9.17 Mineralogical analysis of the sand fraction

After removal of cementing and coating materials, the sand is separated from the clay and silt by wet sieving. From the sand, the fraction 63–420 μm is separated by dry sieving. This fraction is divided into a heavy fraction and a light fraction with the aid of a high-density liquid: a solution of sodium polytungstate with a specific density of 2.85 kg dm-3. Of the heavy fraction, a microscopic slide is made; the light fraction is stained selectively for microscopic identification of feldspars and quartz. The analysis requires a petrographic microscope.

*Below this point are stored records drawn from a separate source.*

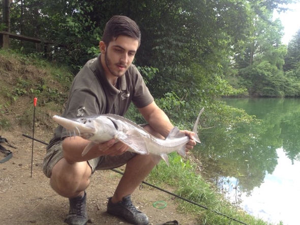 Einige Zeit später lagen dann unsere Montagen im Wasser, und es dauerte nicht all zu lange bis ich den ersten Biss hatte. So lag dann auch schon mein erster Stör im Jahr 2014 auf der Matte. Nur kurze Zeit später ging mein Bissanzeiger schon wieder in die Höhe und da lag auch schon der zweite Stör. Nun kehrte bei mir etwas Ruhe ein, dafür meldete sich bei Patrick der erste Biss. Leider riss vorm Ufer die Schnur und er verlor den Fisch. Das ärgerte ihn sehr, da die Schnur beschädigt gewesen sein musste, aber aufgeben tut man bekanntlich nur Briefe. Er warf also erneut aus. Siehe da, fünfzehn Minuten später konnte er endlich seinen ersten Stör fangen: Es war Black Beauty, so nenne ich ihn, weil er total schwarz ist und ich ihn auch fast jedes Mal fange, wenn ich hier bin. Ein alter Bekannter sozusagen :D
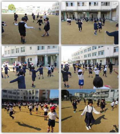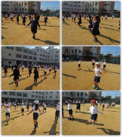 今日の『なわとびタイム』は、1・2・3年生です。前に並んだ体育委員の動きを見て、低学年もなわとびを行いました。
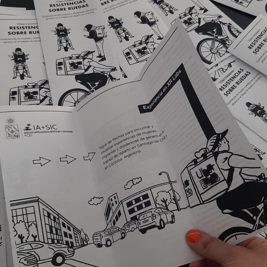 «Resistencias sobre ruedas» presentó de manera innovadora los resultados y reflexiones de la investigación homónima desarrollada por el Núcleo Inteligencia Artificial, Sociedad y Comunicación en Santiago de Chile y Córdoba. Esta investigación fue llevada a cabo como parte del proyecto «Future ways of working in the digital economy», financiado por el Consejo de Investigación de Noruega (RCN).
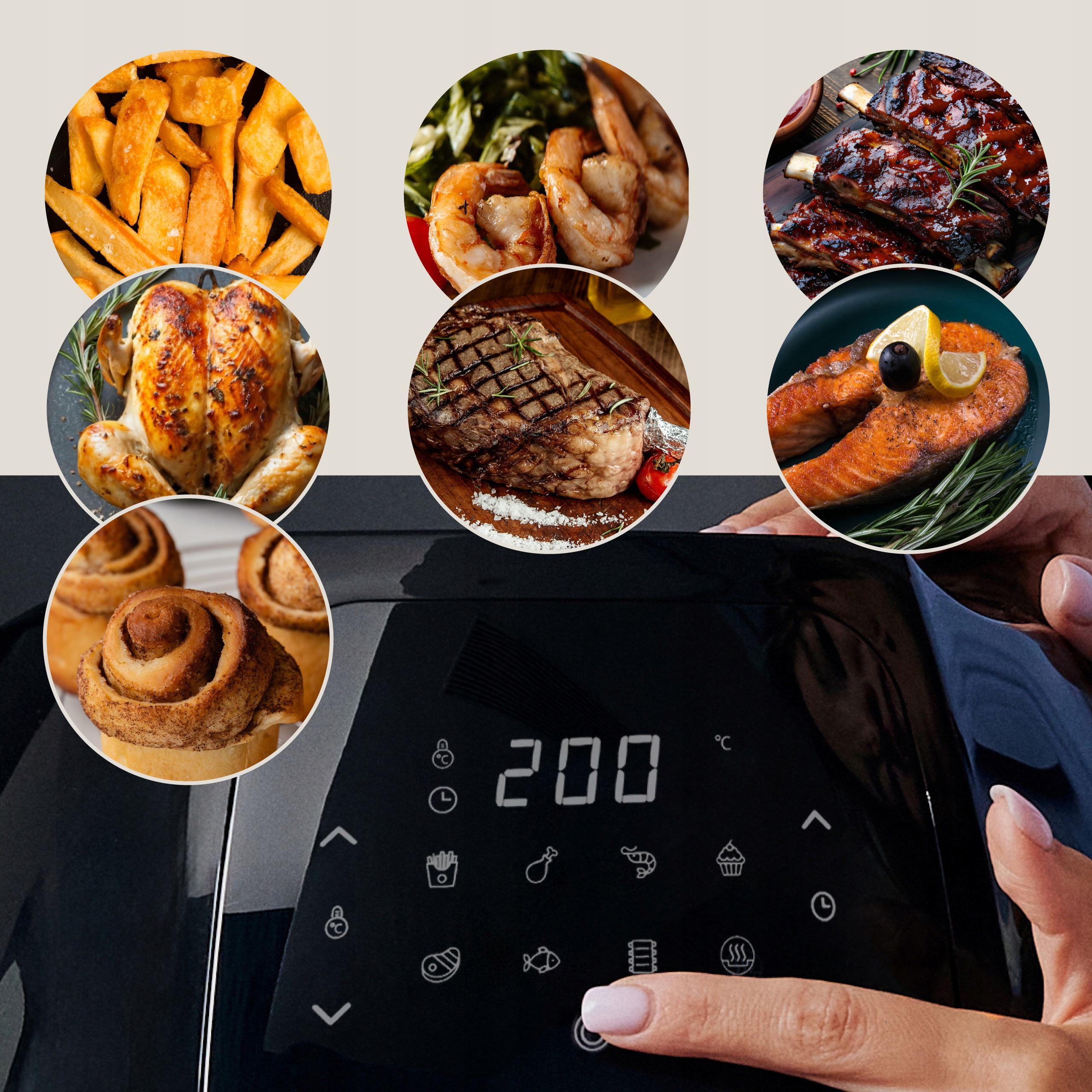 - 9 програм приготування: картопля фрі, курка, креветки, торт, стейк, риба, ребра, попередній нагрів, ручний
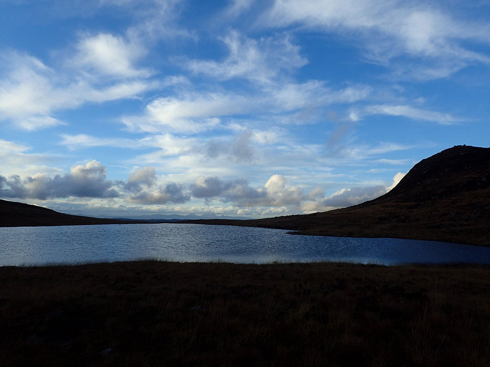 This walk starts at Catacol, but instead of following the main path up the glen, climbs through native coastal woodland to the south to take in Lochan a’ Mhill before heading up to the promontory of Creagan nan Gobhar. From there the main peak of the day, Meall nan Damh (570m), is ascended, the exertion rewarded by spectacular views unfolding of the Kintyre peninsula, the Paps of Jura and Arran’s northern hills. Few other walkers stray onto this Marilyn, increasing chances of encountering mountain wildlife such as birds of prey, red deer and golden plover.
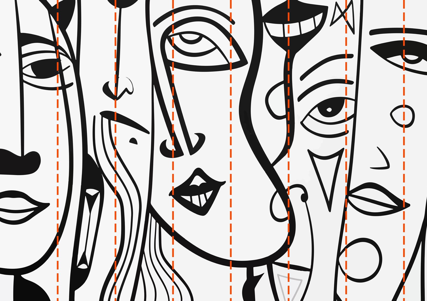 Fotomurales Dibujo de caras en blanco y negro

Volcanic glass can usually be recognized as isotropic grains with vesicles.

9.18 X-ray diffractometry

X-ray diffraction (XRD) can be used to analyze (1) the powder of the fine earth or (2) the clay fraction separated from soil.

9.19 Total reserve of bases

There are two methods to analyze the total content of elements: XRD (see Chapter 9.18) and an extract with HF and HClO4. The obtained values for Ca, Mg, K and Na are used to calculate the total reserve of bases.

9.20 Sulfides

Reduced inorganic S is converted to H2S by a hot acidic CrCl2 solution. The evolved H2S is trapped quantitatively in a Zn acetate solution as solid ZnS. The ZnS is then treated with HCl to release H2S into solution, which is quickly titrated with I2 solution to the blue-coloured end point indicated by the reaction of I2 with starch (Sullivan, Bush, and McConchie 2000). Caution: Toxic residues have to be managed carefully.